Violation of the blood supply to the spinal cord. Chronic myelopathy at the thoracic level is rare, which is associated with the anatomical features of the spine.But with a narrow spinal canal, the hernia of the disk can squeeze the arteries and spinal cord.The disease begins gradually, weakness in the legs, a decrease in sensitivity in the lower half of the body, impaired function of the pelvic organs.

Acute cerebrovascular disorder is the most severe complication of breast osteochondrosis.Suddenly, against the background of pain syndrome, paralysis of the legs, numbness, impaired function of the pelvic organs occur.

Examination of patients with osteochondrosis of the thoracic region.The analysis of complaints and history is of great importance to exclude serious pathology.A neurological examination is carried out to exclude damage to the roots and spinal cord.Manual examination allows you to determine the source of pain, limitation of mobility, muscle spasm.

Additional examination methods are shown in case of suspicion of specific back pain.If somatic pathology is suspected, a thorough clinical examination is carried out (ECG, an X -ray of the lungs, FGDS, ultrasound of the abdominal cavity, etc.).

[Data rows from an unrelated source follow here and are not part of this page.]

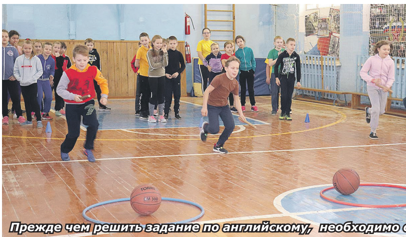
Прежде чем решить задание по английскому, необходимо отличиться в «весёлых стартах»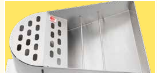
Automatischer Fülltrichter (optional) für bis zu 6 kg Füllkapazität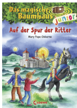
Das magische Baumhaus junior (Band 2) - Auf der Spur der Ritter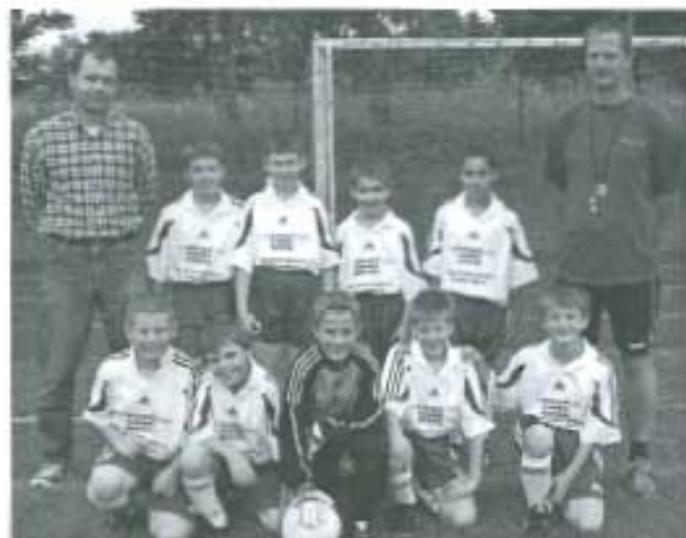
Unsere E3-Jugend mit den beiden Trainern.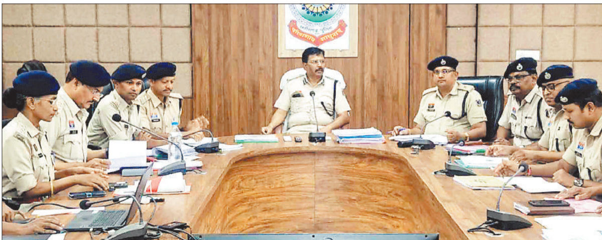
अधिकारियों से चर्चा करते एसएसपी।

फ्राड के पीड़ित को खुद के साथ घटित फ्राड की जानकारी को साझा करने हेतु प्रोत्साहित कर जागरूकता फैलाने, सड़क दुर्घटना के जोखिम को कम करने ब्लैक स्पॉट पर सुरक्षात्मक उपाए कराने, नियमित रूप से वाहन चेकिंग कर लापरवाहों पर सख्ती बरतने एवं नशीली दवाओं और मादक पदार्थों के व्यापार पर कड़ी कार्रवाई करने के निर्देश पुलिस अधिकारियों को दिए। एसएसपी ने लंबित अपराध एवं शिकायतों की समीक्षा कर निराकरण में तेजी लाने के निर्देश देते हुए थाना प्रभारियों से कहा कि आज का दौर तकनीक का है जो तकनीकी रूप से सक्षम होगा। अपराधों के कायमी के बाद समयसीमा 30-60-90 दिवस के भीतर अनिवार्य रूप से अभियोग पत्र न्यायालय में पेश करें। साइबर फ्राड के मामलों में गिरफ्तार आरोपियों की लिंकेज डिटेल जानकारी पोर्टल पर अनिवार्य रूप से अपलोड करने एवं साइबर फ्राड के शिकायत पर तत्काल एक्शन लेने के निर्देश दिए ताकि पीड़ित की आर्थिक क्षति को कम किया जा सके। इस दौरान अतिरिक्त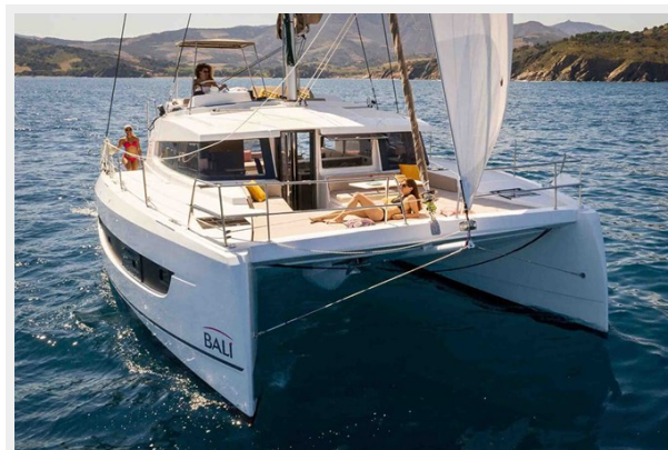
Bali 4.2 Gallery 3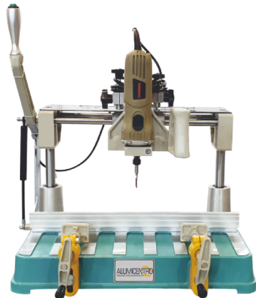
PANTÓGRAFO PORTÁTIL MODELO SMART KM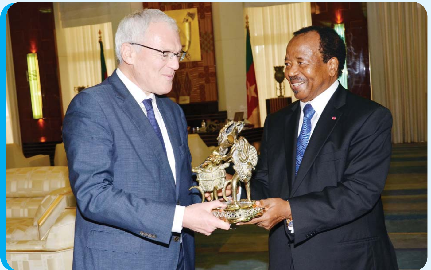
Belle récompense pour la confiance faite au Cameroun.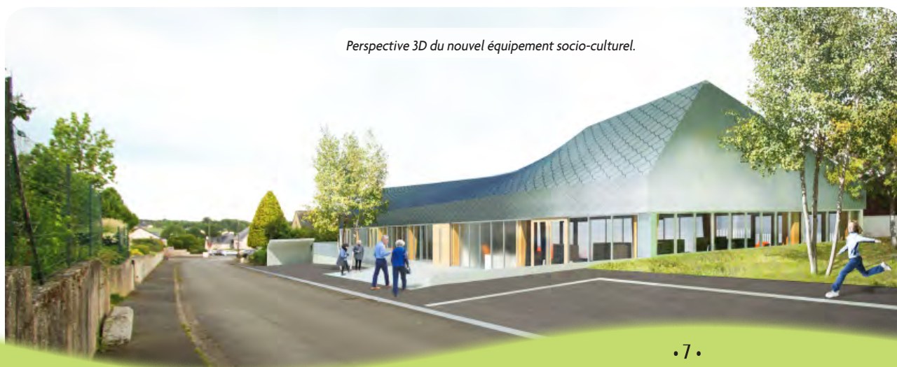
Perspective 3D du nouvel équipement socio-culturel.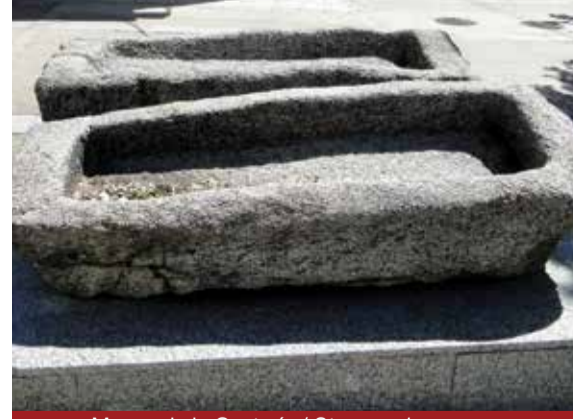
Museo de la Cantería / Stonework museum

The radiograph of the thoracic spine is prescribed to exclude tumors, spinal injuries, infections, and Shoyerman-mau disease.X -ray signs of osteochondrosis do not have clinical value, since all people of senior and elderly have them.

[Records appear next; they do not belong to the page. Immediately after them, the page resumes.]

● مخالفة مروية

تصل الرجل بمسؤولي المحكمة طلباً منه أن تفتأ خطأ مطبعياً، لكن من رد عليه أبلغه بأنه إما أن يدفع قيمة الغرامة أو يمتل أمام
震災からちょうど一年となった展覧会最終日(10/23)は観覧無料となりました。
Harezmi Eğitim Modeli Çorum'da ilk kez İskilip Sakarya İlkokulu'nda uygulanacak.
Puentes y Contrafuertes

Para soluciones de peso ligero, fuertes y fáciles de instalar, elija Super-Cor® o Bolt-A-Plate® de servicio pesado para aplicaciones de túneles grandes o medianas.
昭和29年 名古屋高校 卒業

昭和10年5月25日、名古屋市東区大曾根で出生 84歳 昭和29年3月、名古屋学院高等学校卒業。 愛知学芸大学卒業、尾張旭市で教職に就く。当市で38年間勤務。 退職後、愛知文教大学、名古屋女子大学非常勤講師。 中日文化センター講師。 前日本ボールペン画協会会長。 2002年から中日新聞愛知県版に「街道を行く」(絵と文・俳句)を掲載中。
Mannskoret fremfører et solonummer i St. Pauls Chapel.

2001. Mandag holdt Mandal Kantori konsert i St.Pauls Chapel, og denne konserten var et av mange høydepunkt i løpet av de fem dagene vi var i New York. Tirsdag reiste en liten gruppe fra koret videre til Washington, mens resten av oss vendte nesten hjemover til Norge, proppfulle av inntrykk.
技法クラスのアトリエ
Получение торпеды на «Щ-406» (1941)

With radicular or spinal symptoms, an MRI or CT of the thoracic spine is indicated.On an MRI, the hernia and spinal cord are better visible, and bone structures on CT.The clinical level of damage and MRI of the finds must correspond to each other.

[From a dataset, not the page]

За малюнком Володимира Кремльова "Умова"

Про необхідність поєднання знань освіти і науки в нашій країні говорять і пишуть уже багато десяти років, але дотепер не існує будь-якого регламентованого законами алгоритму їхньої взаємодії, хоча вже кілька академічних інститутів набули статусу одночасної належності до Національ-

Osteochondrosis of the thoracic spine: treatment.

In the acute period, in the presence of intense pain, the restriction of physical activity is indicated.With a decrease in the severity of pain, a gradual expansion of the motor regime is recommended.Sudden rotational movements in the thoracic spine should be avoided.

The intracanic electrical stimulation, acupuncture, hirudotherapy, massage, manual therapy are effective. Medicamentous treatment.With acute pain, non -steroidal anti -inflammatory drugs are indicated.In combination with anti -inflammatory drugs, miradelaxants can be prescribed in the presence of muscle spasm.

With osteochondrosis of the thoracic spine, therapeutic blockade with local anesthetics (lidocaine, prokain), non -steroidal anti -inflammatory drugs (Loroxes or meloxicams), corticosteroids (betamethason) are effective.Medicinal mixtures are introduced as close as possible to the focus of pain.

With intercostal neuralgia, antidepressants, anticonvulsants, a patch of Versathis are indicated. Porty drugs (pentoxyphillin, aminophylline) are prescribed, group B. surgical treatment is carried out with symptoms of compression of the spinal cord (paresis of the lower extremities, impaired urine and feces).

PreventionOsteochondrosis of the thoracic region is reduced to avoiding long, uncomfortable positions when working at the table.It is important to correctly equip your workplace, alternate periods of labor and rest, regularly engage in physiotherapy exercises, visit the pool 1-2 times a week.